> Exercise brief: Return the full listing word for word, but drop every picture from it.

> Provided material:
****

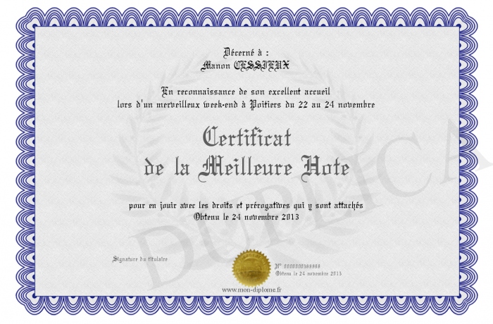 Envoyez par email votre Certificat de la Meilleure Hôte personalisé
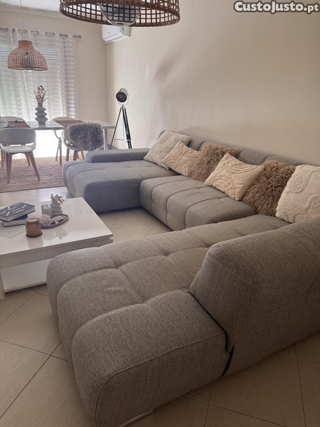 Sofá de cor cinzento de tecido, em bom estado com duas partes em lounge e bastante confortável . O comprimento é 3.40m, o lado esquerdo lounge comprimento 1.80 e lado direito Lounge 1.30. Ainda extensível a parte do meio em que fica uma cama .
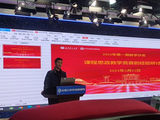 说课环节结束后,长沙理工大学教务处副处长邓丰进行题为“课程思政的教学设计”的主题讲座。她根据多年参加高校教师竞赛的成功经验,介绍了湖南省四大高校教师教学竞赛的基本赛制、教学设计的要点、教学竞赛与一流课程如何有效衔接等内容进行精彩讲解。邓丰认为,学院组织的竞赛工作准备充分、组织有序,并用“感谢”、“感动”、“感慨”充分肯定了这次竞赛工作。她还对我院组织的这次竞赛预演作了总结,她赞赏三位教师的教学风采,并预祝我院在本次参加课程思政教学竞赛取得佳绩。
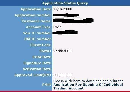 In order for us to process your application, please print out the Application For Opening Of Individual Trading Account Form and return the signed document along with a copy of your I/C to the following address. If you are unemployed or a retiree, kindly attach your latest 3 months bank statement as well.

****

> Output:
 Envoyez par email votre Certificat de la Meilleure Hôte personalisé
 Sofá de cor cinzento de tecido, em bom estado com duas partes em lounge e bastante confortável . O comprimento é 3.40m, o lado esquerdo lounge comprimento 1.80 e lado direito Lounge 1.30. Ainda extensível a parte do meio em que fica uma cama .
 说课环节结束后,长沙理工大学教务处副处长邓丰进行题为“课程思政的教学设计”的主题讲座。她根据多年参加高校教师竞赛的成功经验,介绍了湖南省四大高校教师教学竞赛的基本赛制、教学设计的要点、教学竞赛与一流课程如何有效衔接等内容进行精彩讲解。邓丰认为,学院组织的竞赛工作准备充分、组织有序,并用“感谢”、“感动”、“感慨”充分肯定了这次竞赛工作。她还对我院组织的这次竞赛预演作了总结,她赞赏三位教师的教学风采,并预祝我院在本次参加课程思政教学竞赛取得佳绩。
 In order for us to process your application, please print out the Application For Opening Of Individual Trading Account Form and return the signed document along with a copy of your I/C to the following address. If you are unemployed or a retiree, kindly attach your latest 3 months bank statement as well.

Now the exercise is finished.